--- AIM OF THE EXERCISE ---
All lines from the one containing "3、在設(shè)置頁面中,點擊賬號與安全選項,進入賬號安全設(shè)置頁。" through the final line of the records below should be reproduced exactly, with the pictures left out.

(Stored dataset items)
------------------------

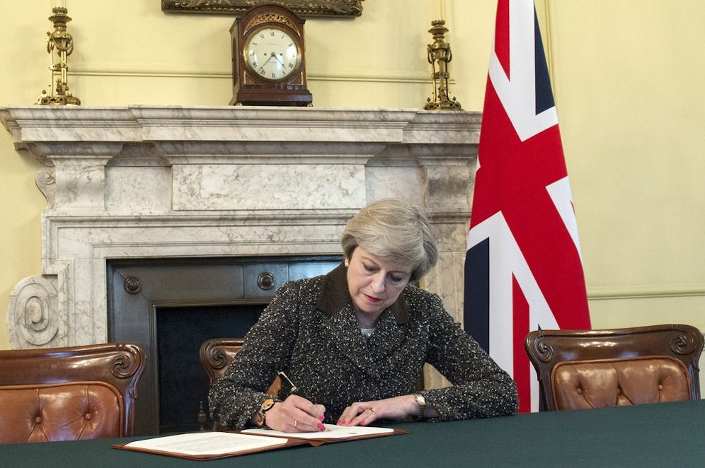 Die britische Premierministerin Theresa May hat am Dienstagabend den Antrag zum Austritt ihres Landes aus der Europäischen Union unterzeichnet. Am Mittwoch wird das Schreiben offiziell der EU übergeben - somit können die Verhandlungen beginnen.
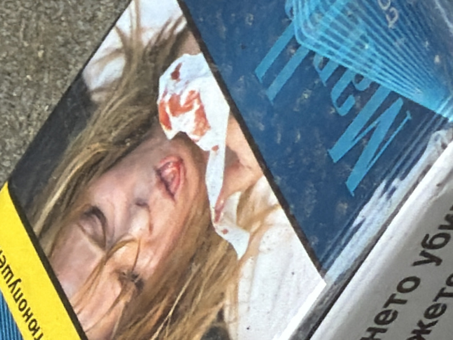 A Marlboro cigarette pack, specifically appearing to be "Marlboro Blue" based on its dark blue and light blue color scheme, is observed on an unidentifiable textured surface, possibly outdoors, under daylight conditions in Stara Zagora, Bulgaria. The upper portion of the pack features a graphic health warning image. This image depicts a light-skinned individual, likely female, with blonde hair, shown from the chest up. Her eyes are closed or partially closed. Her mouth is open, revealing a tongue stained with blood. A crumpled white tissue or cloth, heavily saturated with red blood, is held in her hand near her mouth/chin. Above this image, a yellow band contains partial Cyrillic text, "ТЮНОПУШЕН", which translates to "SMOKING" or "TOBACCO SMOKE". At the bottom left of the pack, partially visible white Cyrillic text on a light background reads "нето уби", likely part of a larger health warning such as "Smoking kills."
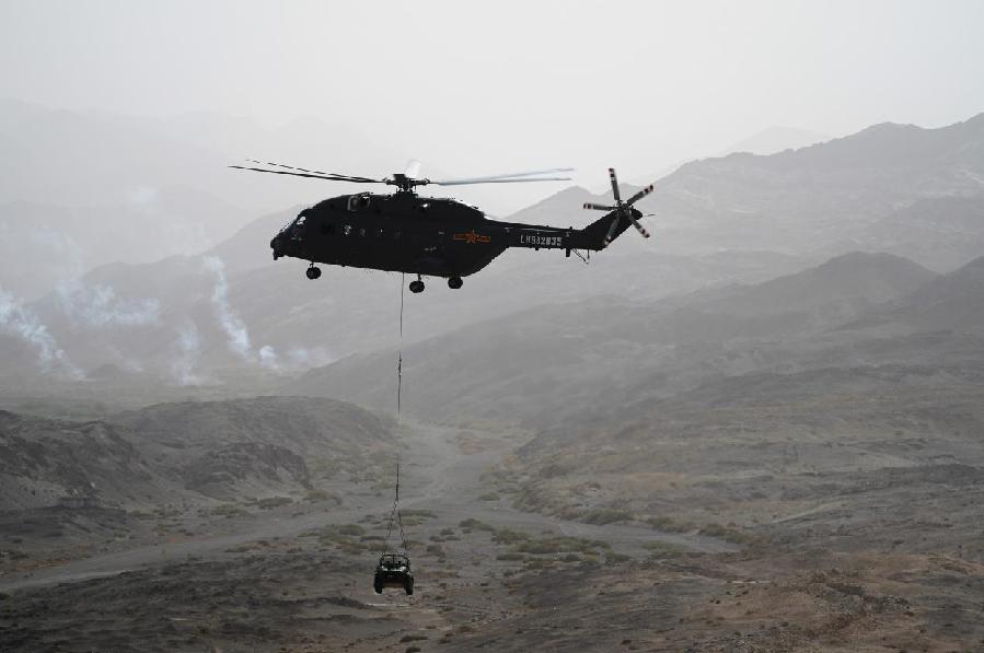 ????23日,陸軍新質作戰力量演練在陸軍多個演兵場連續“打響”,8支新質作戰力量輪番上陣。圖為運輸直升機吊運全地形車。新華社記者王東明 攝
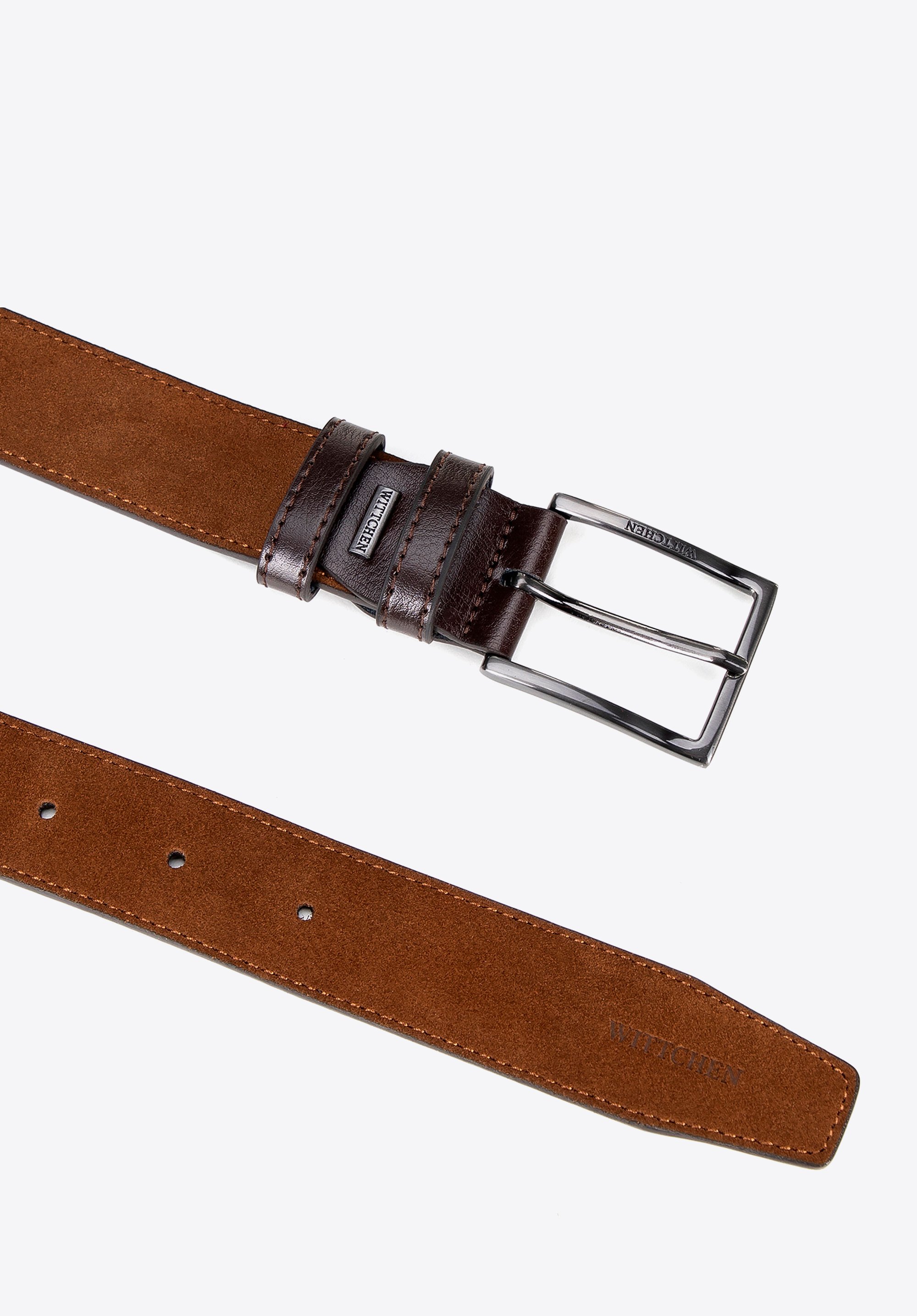 Ten wyjątkowy męski pasek łączy ponadczasowy styl z nowoczesnymi detalami, które przyciągają wzrok. Wykonany z wysokiej jakości skóry naturalnej o aksamitnej, zamszowej fakturze, zachwyca miękkością i głębokim kolorem, który z upływem czasu nabiera jeszcze większej klasy. Metalowa prostokątna klamra dodaje współczesnego sznytu, podkreślając elegancki, ale zarazem surowy charakter całości.
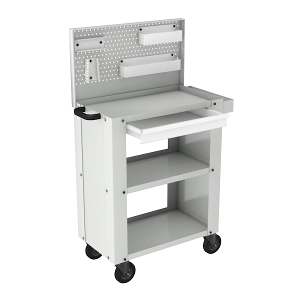 - Оснащена тремя полками, перфорированным экраном для инструментов и выдвижным ящиком.
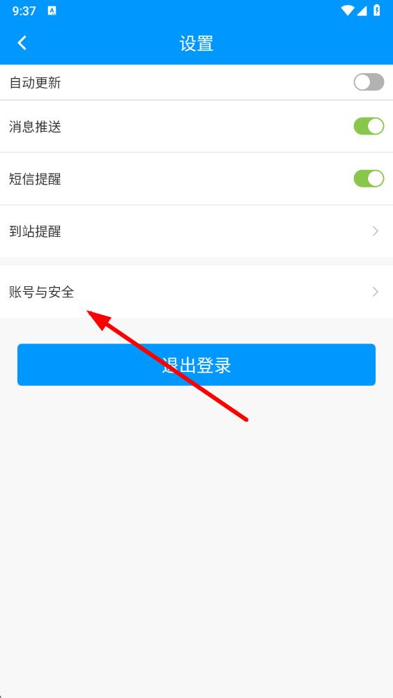 3、在設(shè)置頁面中,點擊賬號與安全選項,進入賬號安全設(shè)置頁。
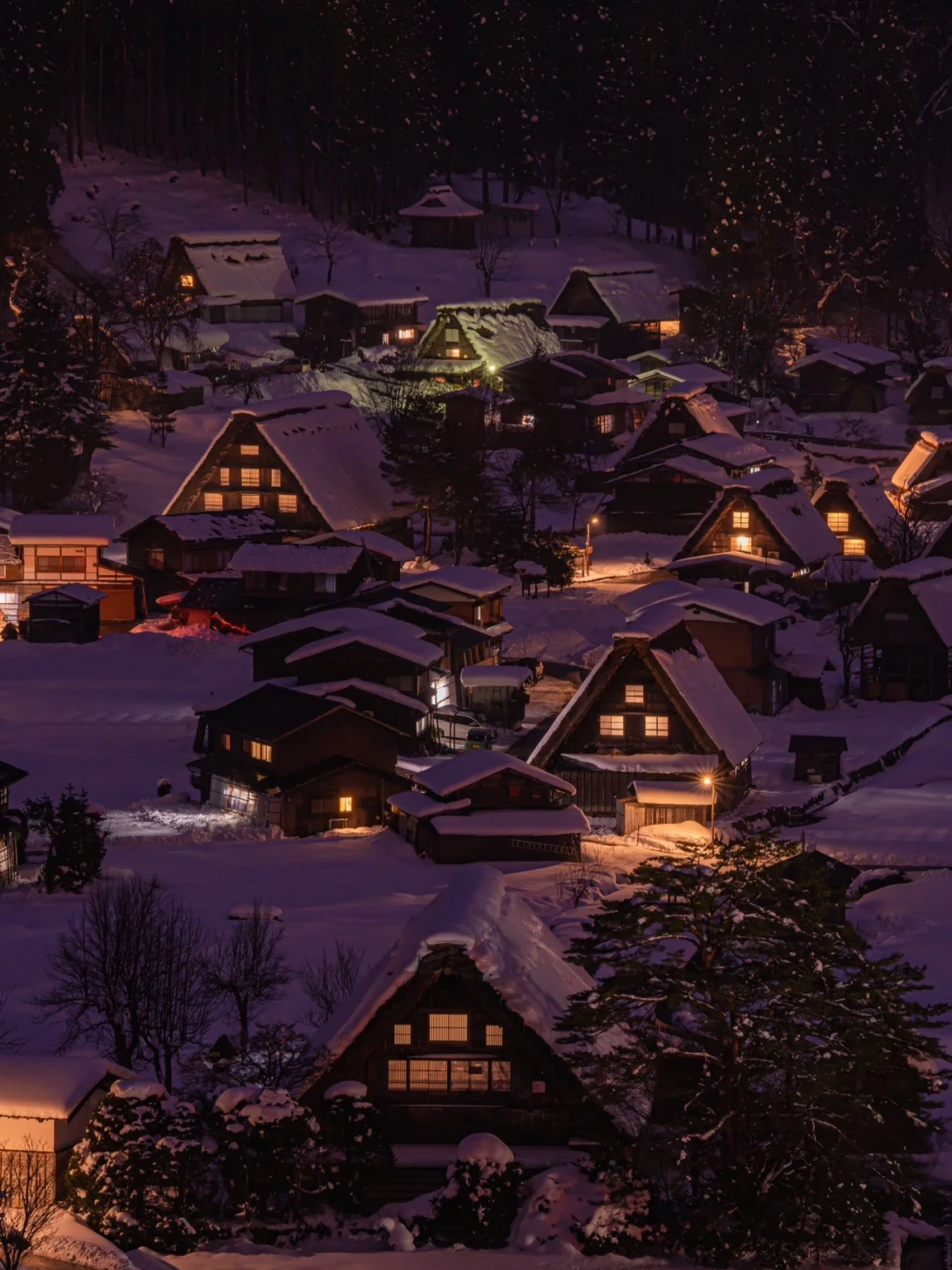 🌈最最受欢迎的大概还是冬天的景色吧。每年年初,白川乡都会举行盛大的点灯仪式,吸引来自五湖四海的摄影爱好者。银装素裹下的合掌造配合着温暖的灯光,简直就是童话世界。
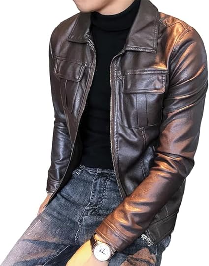 • Timeless & Stylish: Classic brown geniune leather jacket with a sleek, slim-fit design for a modern look.
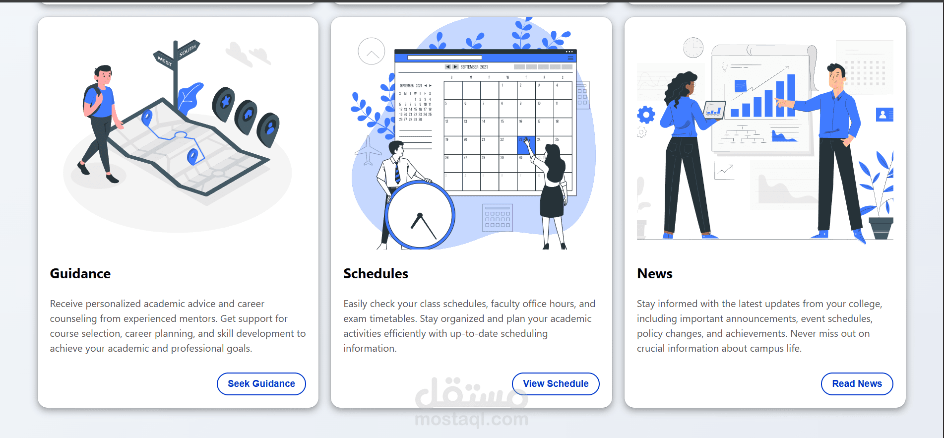 - يوفر ميزة الاخبار وهيا عبارة عن صفحة بها كل ما يخص الكلية من اخبار.

------------------------

--- FINAL ANSWER ---
 3、在設(shè)置頁面中,點擊賬號與安全選項,進入賬號安全設(shè)置頁。
 🌈最最受欢迎的大概还是冬天的景色吧。每年年初,白川乡都会举行盛大的点灯仪式,吸引来自五湖四海的摄影爱好者。银装素裹下的合掌造配合着温暖的灯光,简直就是童话世界。
 • Timeless & Stylish: Classic brown geniune leather jacket with a sleek, slim-fit design for a modern look.
 - يوفر ميزة الاخبار وهيا عبارة عن صفحة بها كل ما يخص الكلية من اخبار.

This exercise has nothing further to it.